Die schicken mir umgehend eine neue Kettenstrebe. Die gebrochene geht dann zur Untersuchung zurück an Radon.

@Aalex Ich fahre mit dem Rad Enduro. Da sind Waldwege dabei, aber na klar auch Trails unterschiedlicher Natur.


----------



## dermute (21. Mai 2014)

Na gratuliere! 

Da hoff ich mal das meine Bearbeitung bei Radon auch so schnell voran geht wie bei dir und das man auch ohne öffentliche Anschuldigung und drohen mit Anwalt noch was erreichen kann


----------



## ChrisStahl (21. Mai 2014)

dermute schrieb:


> Na gratuliere!
> 
> Da hoff ich mal das meine Bearbeitung bei Radon auch so schnell voran geht wie bei dir und das man auch ohne öffentliche Anschuldigung und drohen mit Anwalt noch was erreichen kann



Klar, wir sind dran. Schick mir mal eine PM wenn sich was getan hat.
Mit dem letzten Teil des Satzes geht bei uns gar nichts, da werden wir sooooo müüüüdee.


----------



## MTB-News.de




----------



## dermute (21. Mai 2014)

Bitte nicht falsch verstehen, das war keine Kritik an euch sondern an dem gefühlt sehr hohen Aufkommen an Beschwerden hier im Forum. 
Kummer im Kummerkasten o.ä. mitteilen ist doch in Ordnung, aber manche übertreiben es gleich weil nach 1 Tag noch keine finale Antwort kam...

Sent from my Samsung Ativ S using Tapatalk


----------



## Dusius (21. Mai 2014)

Also ich fine es nicht gut, dass hier direkt ein Thema eröffnet wird. Klar ist es ärgerlich wenn mal was kaputt geht, kenne das selber (Allerdings nicht von Radon  ). 
Die Gründe für den Defekt sind ja nicht bekannt und es kann beim besten Willen alles sein, von Produktionsfehler über Montagefehler bis was weiß ich was.
Mit diesem Thema hier werden nur Interessenten abgeschreckt und Besitzer verängstigt. Klar kann es auch ein Konstruktionsfehler sein und darüber sollte man dann schon informiert werden... Aber wie schon gesagt steht alles noch in den Sternen..
Denke so was sollte IMMER erst per Mail, PN besprochen werden..


----------



## cemetery (21. Mai 2014)

Dusius schrieb:


> Also ich fine es nicht gut, dass hier direkt ein Thema eröffnet wird.
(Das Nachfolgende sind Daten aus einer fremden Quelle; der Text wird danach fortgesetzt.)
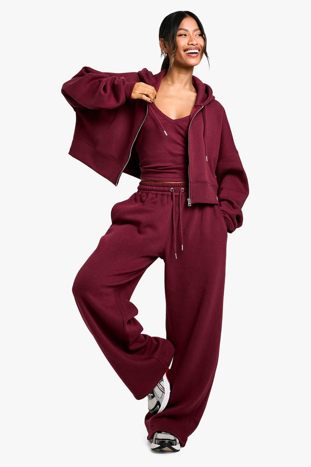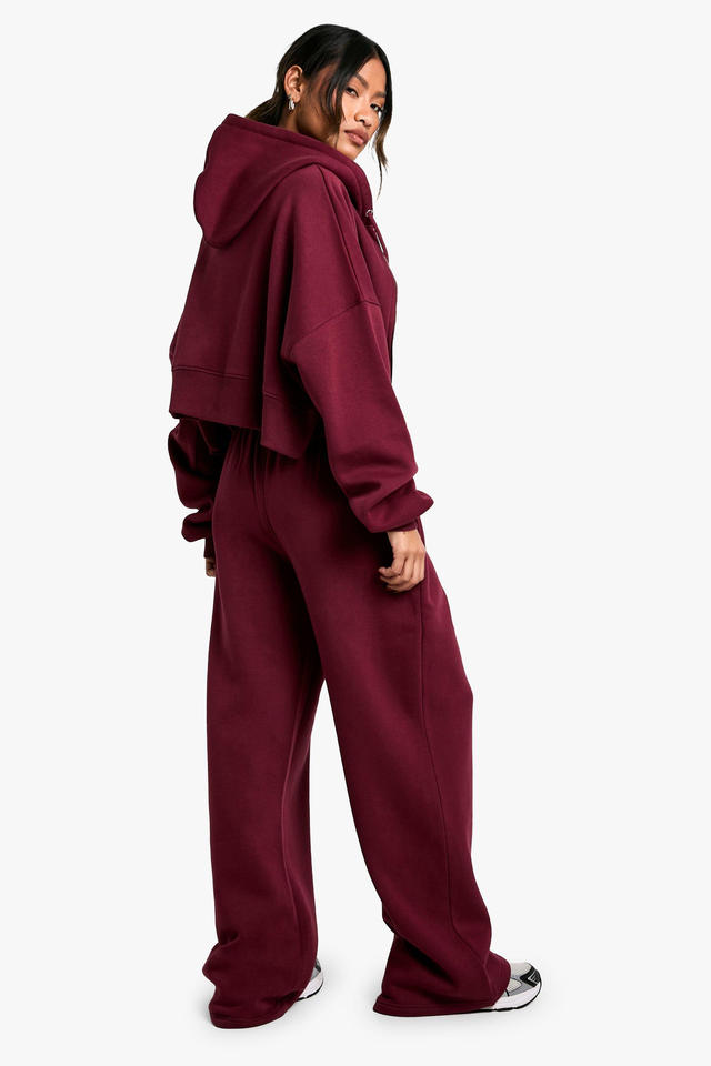 ชุดเซ็ตเสื้อฮู้ดครอปสีแดงเบอร์กันดีและกางเกงขายาวทรงกว้างสำหรับผู้หญิง ชุดลำลองสไตล์สบายๆ ชุดลำลองสองชิ้น

Da hast du sicher nicht unrecht. Man kann den Frust des Threaderstellers aber gut nachvollziehen und dafür hat er es trotzdem noch sehr sachlich geschildert und nicht, wie viele andere, gleich alles negativ geredet. Da Radon hier ja, unter anderem durch Chris und Bodo, sehr gut vertreten ist kann man hier ja auch zeigen dass man den Kunden bei solchen Problemen, die immer passieren können, nicht im Regen stehen lässt. Man kann der Sache also auch was positives abgewinnen.


----------



## Aalex (21. Mai 2014)

kann trotzdem ein doofes licht auf das produkt werfen

"aus unerfindlichen Gründen" ist jetzt halt erstmal so dahingestellt. Was mit dem Rad angestellt wurde wird hier keiner erfahren. Der potenzielle Kunde liest nur "Rahmenbruch".

das ist etwas einseitig.

Ein beidseitiger Riss der Kettenstreben ist jedenfalls sehr ungewöhnlich. Sei es nun Überbelastung, eine verpatzte Landung oder doch ein Materialfehler. Das interessiert die meisten gar nicht. Im Biergarten heißt es dann "ja vom Slide hab ich gelesen, dass die reißen"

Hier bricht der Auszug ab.